1- Warming up sufficiently before you start your workout.
2- Cooling down sufficiently after your done.
3- Stretching before, after(while you are still warm), and through out the day(the more sore you are, the more frequently you need to take small breaks and stretch). Stretch out really well before bed to help you sleep better. Don't bounce in your stretches. Think slow, and hold.
4- Staying well hydrated with good ol' H2O.
5- Keep moving throughout the day. Not intensely or anything, just keep moving. Cleaning, playing with the kids, walking slowly around the block, all of this will help. When we stop for a long time, we get more stiff. Keep the blood flow pumping through those muscles to help them move that lactic acid out.
6- Putting Ice on a sore joint, or muscle might help. Keep it at 5-10 min ice on and 20 min off, and then repeat if necessary.
7- Elevate your feet. When it is time to sit, put your feet up to help with circulation.
8- Take a warm bath and soak. Maybe use some Epsom salts (like 2 cups). Add essential oils to make it ultra spa like. Eucalyptus, or Lavender are my favs.
9- Rub it out. Gently and slowly. Take a bit of lotion, and just gently rub your muscle, feet, joint whatever. If you find tender spots, don't avoid them just be even softer and help you body release those knots.
10- Take Advil, it helps with the inflammation. Keeps you moving. And just makes it more bearable.
And remember, being sore isn't all bad! You are helping your muscles rebuild and get stronger.

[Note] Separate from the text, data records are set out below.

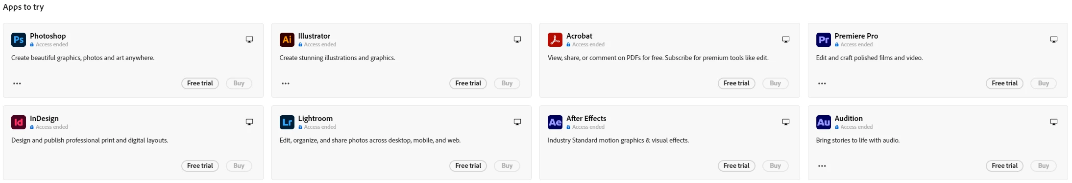 hi team, i have an issue with my account , i have a plan of adobe creative cloud and i cant use any Adobe app. please check it, in under i screenshot it.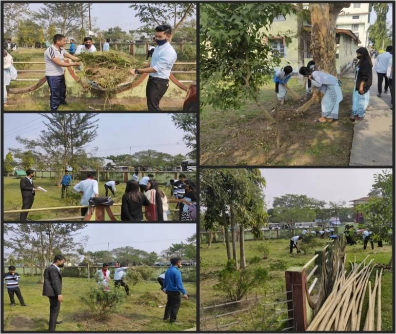 Description: Cleanliness drive organised by BSLA on 2nd February 2022 at B.H. College campus on the day before Saraswati Puja.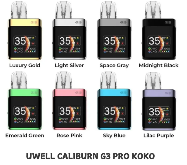 The Uwell Caliburn G3 Pro KOKO Pod System Kit is Features Combining a dynamic Ul, adjustable power, and fine-tuned airflow control, the CALBURN G3 PRO KOKO is truly a powerhouse of a vape. Designed to meet the demands of top performance seekers, it boasts a monster 1.8-inch TFT display for a stunning visual experience, a pro battery of 1250 mah that stands out among its peers, and unlimited customizability to let you define your own vaping modes.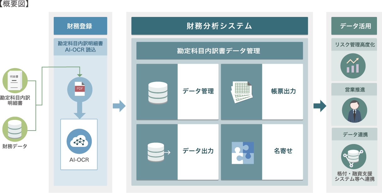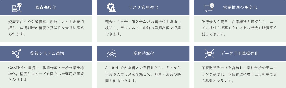 財務5票の限界を、勘定科目内訳で超える。「審査を精緻化し、リスクを減らし、営業を強化し、業務を効率化し、金融機関全体のデータ価値を最大化する」。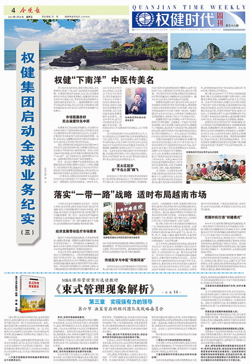 2017年1月20日,《今晚报•权健时代周刊》刊登《权健集团启动全球业务纪实(三)印尼篇、越南篇》,连载《束式管理现象解析》一书。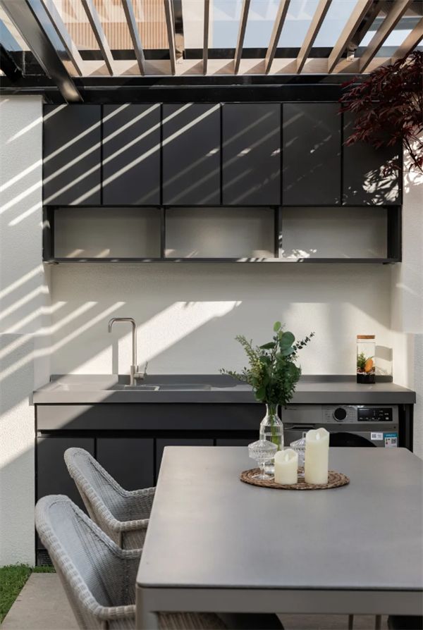 朱曉鳴設計師為了使視線闊達,同時滿足業(yè)主心愿,原計劃拆除廚房和衛(wèi)生間之間的一堵薄墻,但清拆后發(fā)現,因老房子建筑標準不規(guī)范,這堵薄墻正是承重墻。隨即,他采用了橋梁、隧道等特種工程才會用到的超高性能混凝土,對這堵薄墻以及頂層的預制板都進行了加固。這樣的設計雖然會影響設計師的格局劃分,但對業(yè)主家,甚至整棟建筑的安全性都提供了一種堅實的保障。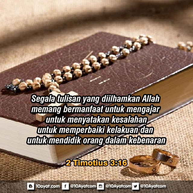 Segala tulisan yang diilhamkan Allah memang bermanfaat untuk mengajar, untuk menyatakan kesalahan, untuk memperbaiki kelakuan dan untuk mendidik orang dalam kebenaran.

It can be a painful process, but one that helps burn more fat/calories, helps you get stronger, and improve over all health. Plus it means you kicked butt on your workout. :)
Good luck healing!
-L.
1 comment:
I am really glad you have written this all out, some things I didn't know before talking to you. And I can definitely tell that icing and moving helps! You don't want to move but as soon as you start you feel better immediately!